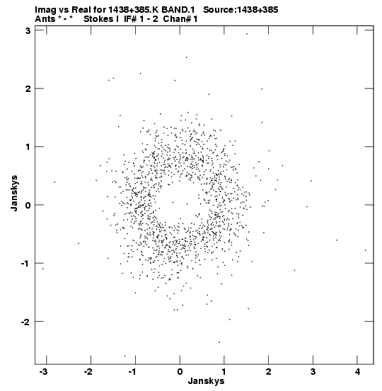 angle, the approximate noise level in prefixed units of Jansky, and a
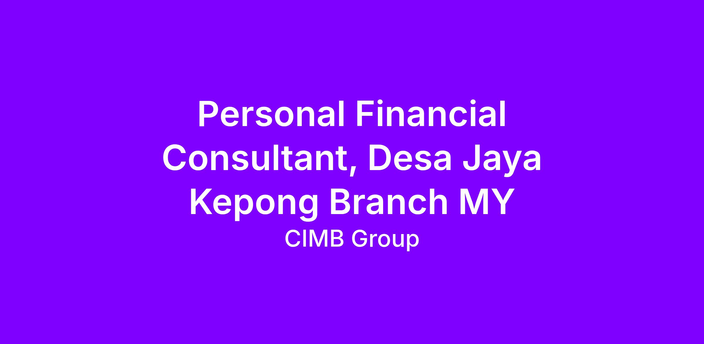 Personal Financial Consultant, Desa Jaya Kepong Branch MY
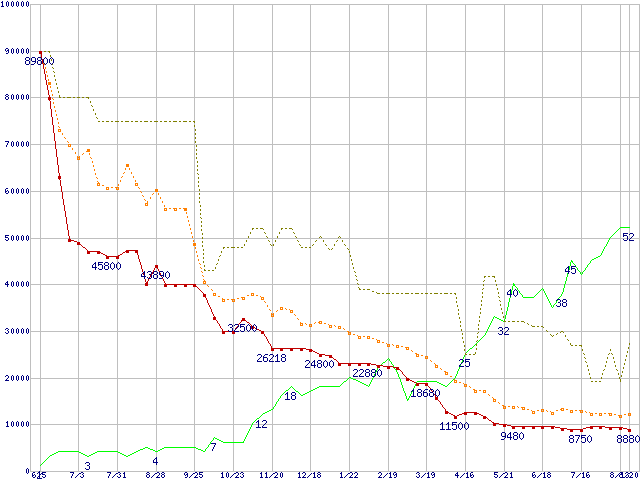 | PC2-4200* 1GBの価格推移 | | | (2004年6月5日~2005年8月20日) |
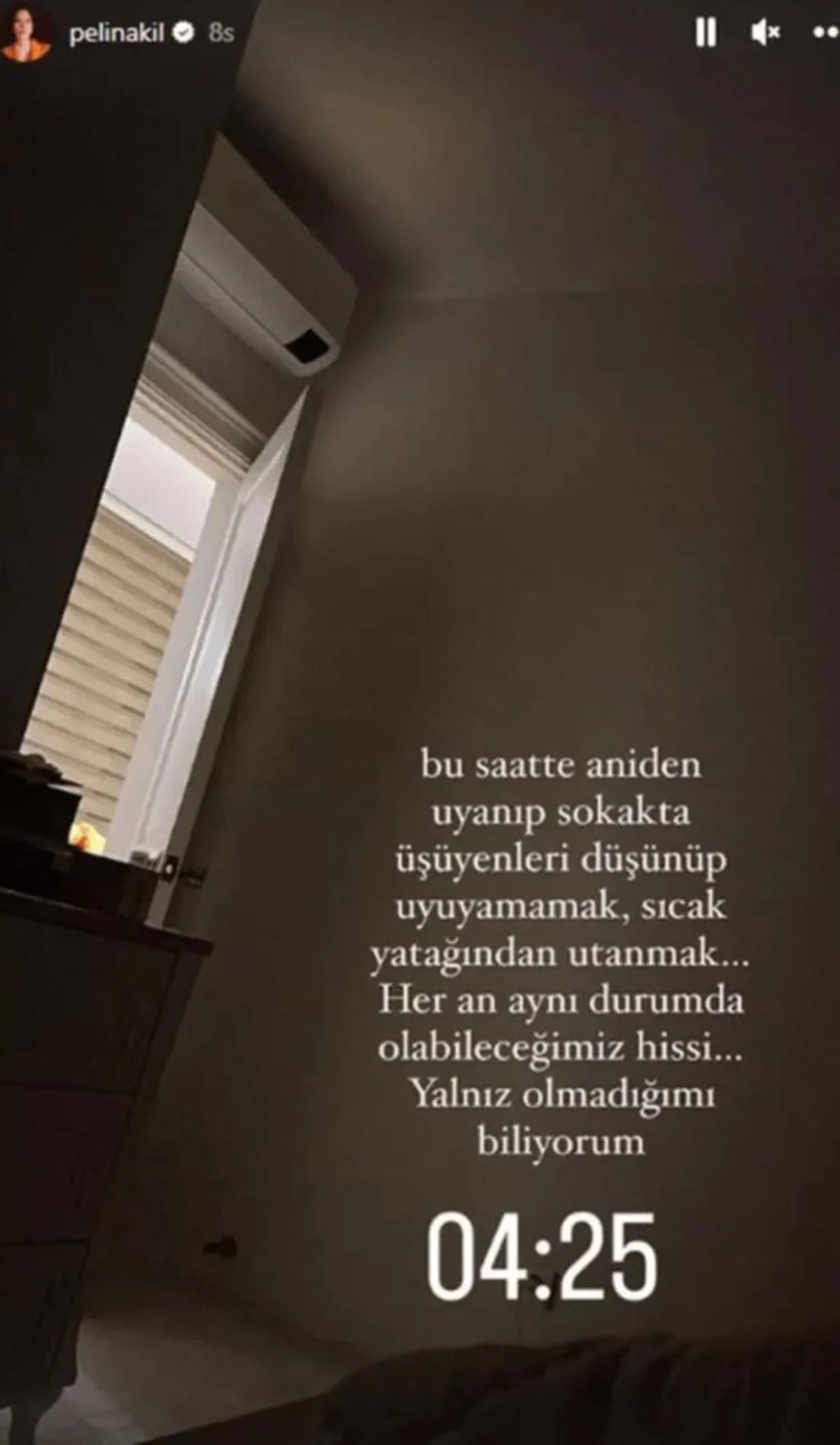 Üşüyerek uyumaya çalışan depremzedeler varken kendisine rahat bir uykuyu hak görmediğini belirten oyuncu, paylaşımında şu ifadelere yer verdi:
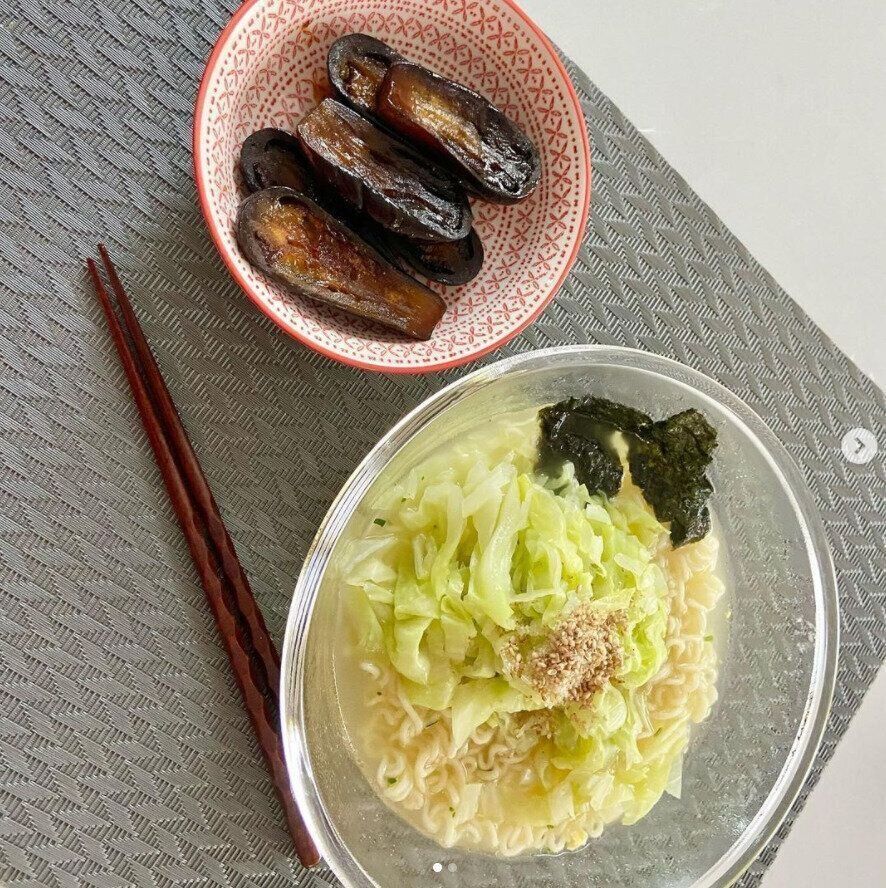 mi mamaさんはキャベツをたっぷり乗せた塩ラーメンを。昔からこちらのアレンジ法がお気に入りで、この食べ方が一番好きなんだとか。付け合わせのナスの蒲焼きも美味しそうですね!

^^^^

What this task involves
Every line of the listing above is to be repeated exactly, with its pictures left out.

Solution
 angle, the approximate noise level in prefixed units of Jansky, and a
 Personal Financial Consultant, Desa Jaya Kepong Branch MY
 | PC2-4200* 1GBの価格推移 | | | (2004年6月5日~2005年8月20日) |
 Üşüyerek uyumaya çalışan depremzedeler varken kendisine rahat bir uykuyu hak görmediğini belirten oyuncu, paylaşımında şu ifadelere yer verdi:
 mi mamaさんはキャベツをたっぷり乗せた塩ラーメンを。昔からこちらのアレンジ法がお気に入りで、この食べ方が一番好きなんだとか。付け合わせのナスの蒲焼きも美味しそうですね!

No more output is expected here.